Et Nicolas Sarkozy l’a avoué benoîtement :
« Ce n’est pas moi qui vais décider de l’augmentation des salaires. » Il décide bien pourtant de vider la RTT de sa substance, de traficoter les heures supplémentaires ou de vendre un morceau d’EDF. Bref le yaourt continuera d’augmenter alors qu’il n’a jamais baissé quand le cours du lait sur le marché mondial s’effondrait ; le chariot hebdomadaire, au supermarché, qui pèse 30 euros de plus en moyenne depuis un an, va poursuivre sa progression ; les taxes sur le carburant à la pompe vont continuer de couler à flots dans les cuves de l’État. Et les dépenses incompressibles - logement, transports, santé - qui garrottent le budget familial ne vont pas desserrer leur étau. Pendant ce temps les plus nantis s’assoupissent sur le matelas des 15 milliards offerts par le bouclier fiscal : et les caisses sont vides, paraît-il… Ainsi, lentement, l’illusion Sarkozy se dissipe. Ce qui tendrait à expliquer la virulence verbale primaire et cynique que l’hôte de l’Élysée applique au drame des banlieues : comme pour conforter un certain électorat (suivez mon regard…), quand un autre risque de s’écarter… Pour ramasser la pensée - si l’on peut dire… - élyséenne : il n’y a pas de problème social au-delà du coeur des grandes villes, il n’y a qu’un problème de « voyous ». On connaissait jusqu’ici
la raison d’État et les secrets d’État : voici naître
un nouveau concept, la haine d’État.
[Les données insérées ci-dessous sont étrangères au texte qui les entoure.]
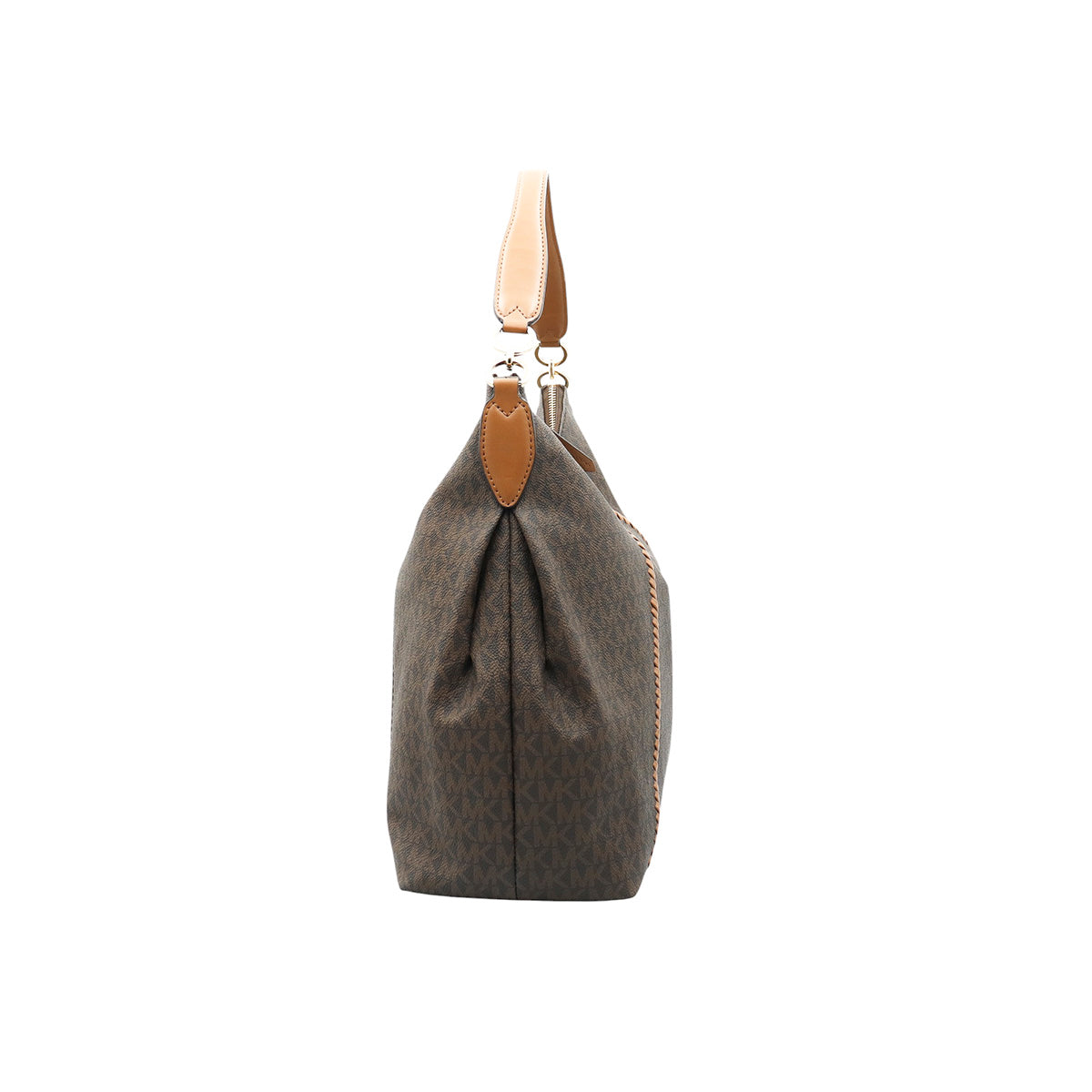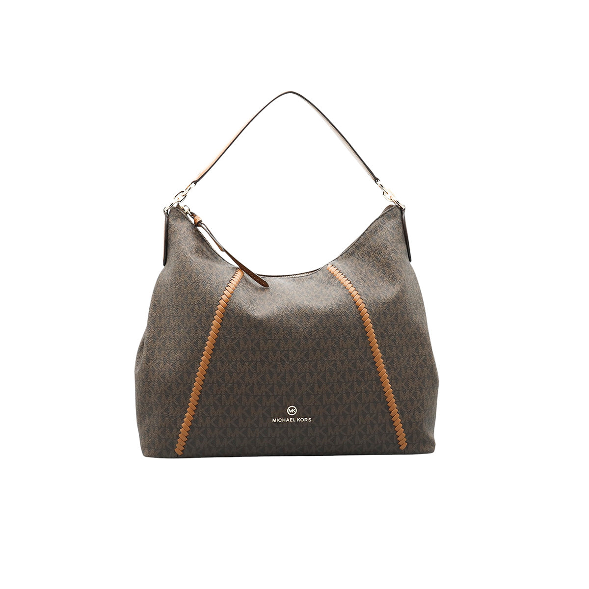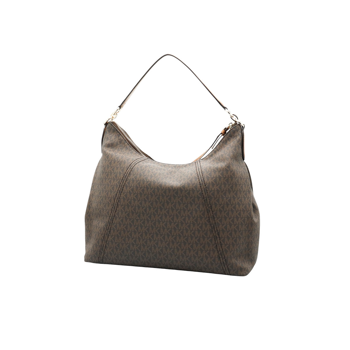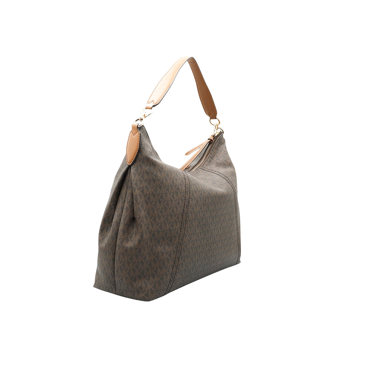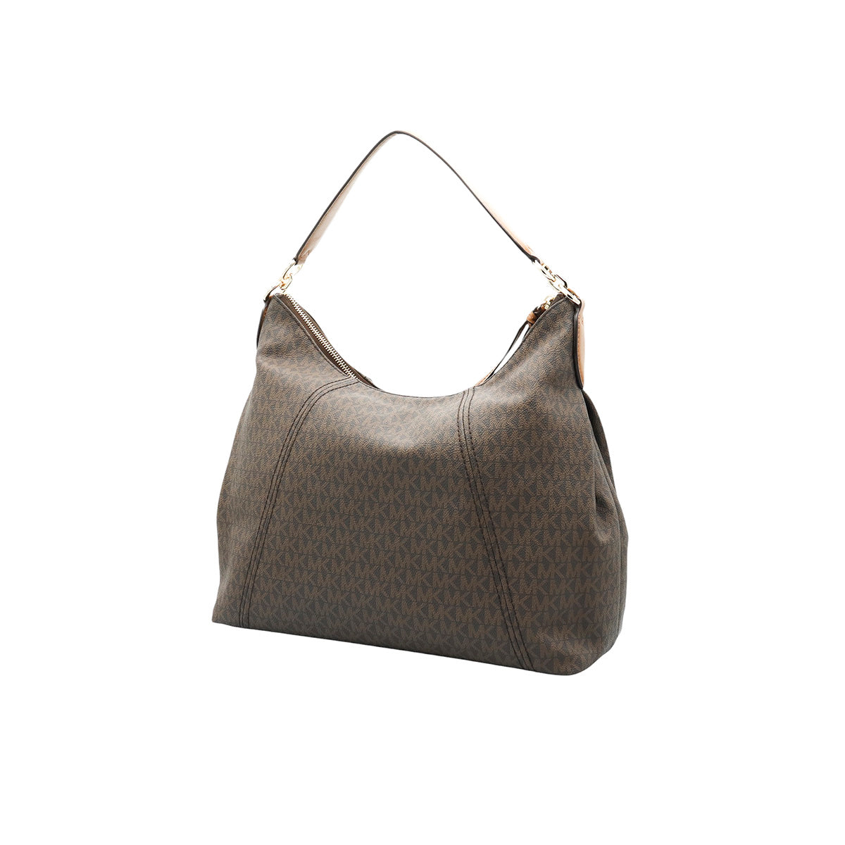 Bolso tipo de la marca Michael Kors línea Sienna, confeccionado en lona monograbada MK color café, forro interno con leve mancha, herrajes en color dorado, asa superior en piel marrón.

Il a été déjà porté sur les fonts baptismaux du langage officiel enrichi
du « Karcher » et de la « racaille »… Nous voilà revenus près de deux siècles en arrière quand les bourgeois, comme Marx l’a si bien décrit, s’effrayaient pour
« les barbares qui campent aux portes de la cité moderne ». Un texte publié par quatre maires communistes de Seine-Saint-Denis rappelait hier cette évidence : depuis des décennies, des politiques de classe - oui, de classe, de la classe dominante, avec ses présidents, ses ministres, ses industriels, ses banquiers, ses préfets, ses policiers… - ont fait de ces banlieues une sous-société, un infra-monde, un ghetto où s’accumulent sans cesse toutes les souffrances, les anciennes et les modernes. En 1968 avait éclos cette belle formule :
le problème ce n’est pas d’être vieux, c’est ce qui fait vieillir. À Villiers-le-Bel et ailleurs, le problème,
ce n’est pas d’être jeune, c’est ce qui fait de jeunes hommes, et même d’enfants, des êtres féroces. Il y a plus de vingt ans un manifeste proclamait : « Que veut la banlieue ? La banlieue veut tout ! »
Monsieur le Président, c’est toujours vrai.